Dr Sanjay Kalra, an endocrinologist said that company pedigree, brand reputation, and reliable cold chain management up to the last mile are key platform-level considerations. He added that patient-friendly packaging, such as smaller dose devices for initiation and larger packs for maintenance is equally important.

Dr Kalra said, “Platform-friendly factors include the pedigree and reputation of the company, along with cold chain assurance till the last mile. Person-friendly packaging is also important, with smaller dose devices for initiation and larger dose packs once the person has stabilized.”

From a provider perspective, ease of explaining injection techniques and the time required to train patients are critical factors, he stated.

Are Doctors Real Gatekeepers?

Doctors remain the most important gatekeepers in India’s semaglutide market. Since GLP-1 therapies are prescription-driven and specialist-led, they will determine which brands gain trust, particularly amid early concerns around the quality of generics.

Dr Malik emphasised that specialists should play a central role in initiating such therapies, given the need to assess indications, comorbidities, and patient suitability. He added that clinics should verify pharmacy sourcing, ensure procurement from authorised distributors, and closely monitor patients, especially during the initial months.

He also stressed the importance of educating patients about long-term adherence, rather than viewing the therapy as a short-term weight-loss solution. “Long-term therapy should be emphasized during education so that it is not perceived as a short-term weight loss fix, with regular follow-ups,” Dr Malik said.

Doctors will also influence whether usage remains limited to diabetes or expands into obesity. Given the need for sustained adherence, patient retention will depend heavily on physician confidence. If doctors remain cautious, as is often the case with injectables, clinical credibility and real-world outcomes data may outweigh any early-mover advantage.

Hummsa Biotech’s Lalwani had a nuanced take on the narrative. He said that brand equity built over decades of consistent quality delivery will play a decisive role in determining the early winners. He noted that while physician relationships remain important, they are ultimately a reflection of deeper trust built through proven quality.

“When a doctor recommends companies like Dr. Reddy’s Laboratories or Biocon, it is because these brands have earned credibility over time, not merely because of the relationship itself,” Lalwani said.

He added that this trust dynamic is increasingly extending directly to patients, particularly with the rise of telehealth platforms where physicians may not always be physically present. In such scenarios, patients choosing between a known brand and an unfamiliar generic are more likely to gravitate toward names they recognise and trust.

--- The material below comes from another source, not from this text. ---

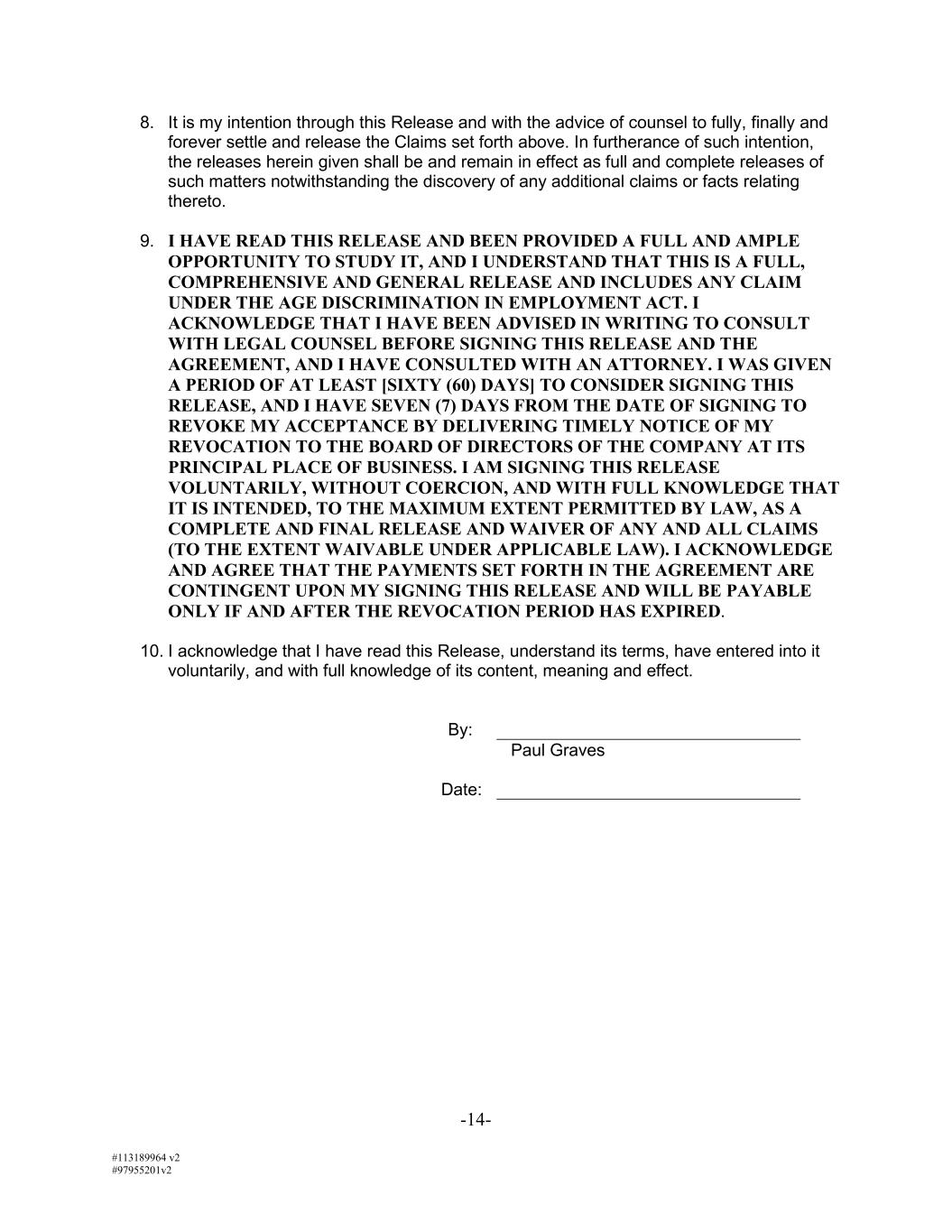 -14- #113189964 v2 #97955201v2 8. It is my intention through this Release and with the advice of counsel to fully, finally and forever settle and release the Claims set forth above. In furtherance of such intention, the releases herein given shall be and remain in effect as full and complete releases of such matters notwithstanding the discovery of any additional claims or facts relating thereto. 9. I HAVE READ THIS RELEASE AND BEEN PROVIDED A FULL AND AMPLE OPPORTUNITY TO STUDY IT, AND I UNDERSTAND THAT THIS IS A FULL, COMPREHENSIVE AND GENERAL RELEASE AND INCLUDES ANY CLAIM UNDER THE AGE DISCRIMINATION IN EMPLOYMENT ACT. I ACKNOWLEDGE THAT I HAVE BEEN ADVISED IN WRITING TO CONSULT WITH LEGAL COUNSEL BEFORE SIGNING THIS RELEASE AND THE AGREEMENT, AND I HAVE CONSULTED WITH AN ATTORNEY. I WAS GIVEN A PERIOD OF AT LEAST [SIXTY (60) DAYS] TO CONSIDER SIGNING THIS RELEASE, AND I HAVE SEVEN (7) DAYS FROM THE DATE OF SIGNING TO REVOKE MY ACCEPTANCE BY DELIVERING TIMELY NOTICE OF MY REVOCATION TO THE BOARD OF DIRECTORS OF THE COMPANY AT ITS PRINCIPAL PLACE OF BUSINESS. I AM SIGNING THIS RELEASE VOLUNTARILY, WITHOUT COERCION, AND WITH FULL KNOWLEDGE THAT IT IS INTENDED, TO THE MAXIMUM EXTENT PERMITTED BY LAW, AS A COMPLETE AND FINAL RELEASE AND WAIVER OF ANY AND ALL CLAIMS (TO THE EXTENT WAIVABLE UNDER APPLICABLE LAW). I ACKNOWLEDGE AND AGREE THAT THE PAYMENTS SET FORTH IN THE AGREEMENT ARE CONTINGENT UPON MY SIGNING THIS RELEASE AND WILL BE PAYABLE ONLY IF AND AFTER THE REVOCATION PERIOD HAS EXPIRED. 10. I acknowledge that I have read this Release, understand its terms, have entered into it voluntarily, and with full knowledge of its content, meaning and effect. By: Date: Paul Graves

Lalwani further pointed out that regulatory speed and distribution are now baseline capabilities for established Indian pharmaceutical companies. The real differentiator, he said, lies in quality reputation, something that takes years to build and cannot be replicated overnight.

Calling it a mutual effort, Dr Kalra added that doctors should not see themselves merely as gatekeepers but as guides in a patient’s health journey. He said, “We are not gatekeepers of health; we are guides or co-travellers in the journey of health.”

He emphasised the importance of honest communication, explaining that obesity is a chronic condition requiring long-term management and ensuring that patients understand both the process and expectations of treatment.